- COLLECTED DATA -
----------------------------------------

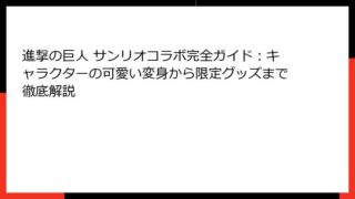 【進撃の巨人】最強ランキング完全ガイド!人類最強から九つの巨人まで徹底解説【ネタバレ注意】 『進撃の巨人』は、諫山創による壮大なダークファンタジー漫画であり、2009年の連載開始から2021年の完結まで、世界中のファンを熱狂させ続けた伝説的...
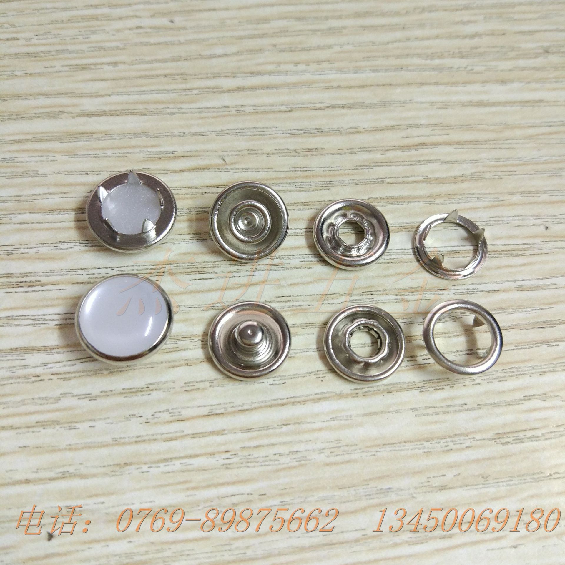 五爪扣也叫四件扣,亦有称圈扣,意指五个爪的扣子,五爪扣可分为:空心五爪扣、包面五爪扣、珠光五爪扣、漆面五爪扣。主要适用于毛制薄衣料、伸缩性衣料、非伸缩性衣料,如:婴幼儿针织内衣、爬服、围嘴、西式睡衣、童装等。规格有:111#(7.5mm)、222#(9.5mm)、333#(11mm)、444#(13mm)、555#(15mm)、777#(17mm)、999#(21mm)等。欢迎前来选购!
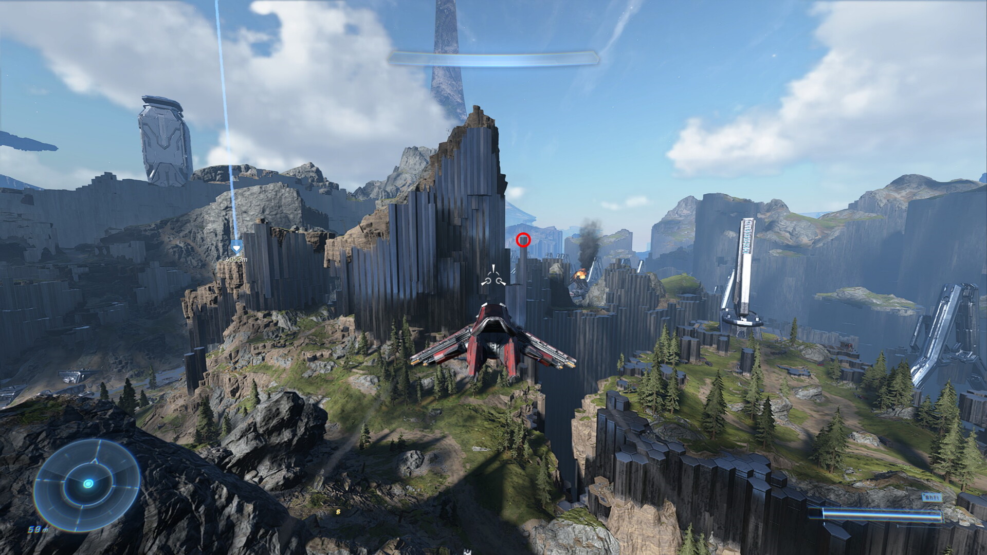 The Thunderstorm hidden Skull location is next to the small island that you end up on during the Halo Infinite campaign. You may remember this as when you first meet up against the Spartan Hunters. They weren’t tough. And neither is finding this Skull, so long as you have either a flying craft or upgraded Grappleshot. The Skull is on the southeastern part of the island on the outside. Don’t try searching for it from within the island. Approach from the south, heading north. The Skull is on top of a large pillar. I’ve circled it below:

----------------------------------------

- TASK BRIEF -
Once more, give the listing above exactly, leaving each picture out.

- OUTPUT FOR THIS TASK -
 【進撃の巨人】最強ランキング完全ガイド!人類最強から九つの巨人まで徹底解説【ネタバレ注意】 『進撃の巨人』は、諫山創による壮大なダークファンタジー漫画であり、2009年の連載開始から2021年の完結まで、世界中のファンを熱狂させ続けた伝説的...
 五爪扣也叫四件扣,亦有称圈扣,意指五个爪的扣子,五爪扣可分为:空心五爪扣、包面五爪扣、珠光五爪扣、漆面五爪扣。主要适用于毛制薄衣料、伸缩性衣料、非伸缩性衣料,如:婴幼儿针织内衣、爬服、围嘴、西式睡衣、童装等。规格有:111#(7.5mm)、222#(9.5mm)、333#(11mm)、444#(13mm)、555#(15mm)、777#(17mm)、999#(21mm)等。欢迎前来选购!
 The Thunderstorm hidden Skull location is next to the small island that you end up on during the Halo Infinite campaign. You may remember this as when you first meet up against the Spartan Hunters. They weren’t tough. And neither is finding this Skull, so long as you have either a flying craft or upgraded Grappleshot. The Skull is on the southeastern part of the island on the outside. Don’t try searching for it from within the island. Approach from the south, heading north. The Skull is on top of a large pillar. I’ve circled it below:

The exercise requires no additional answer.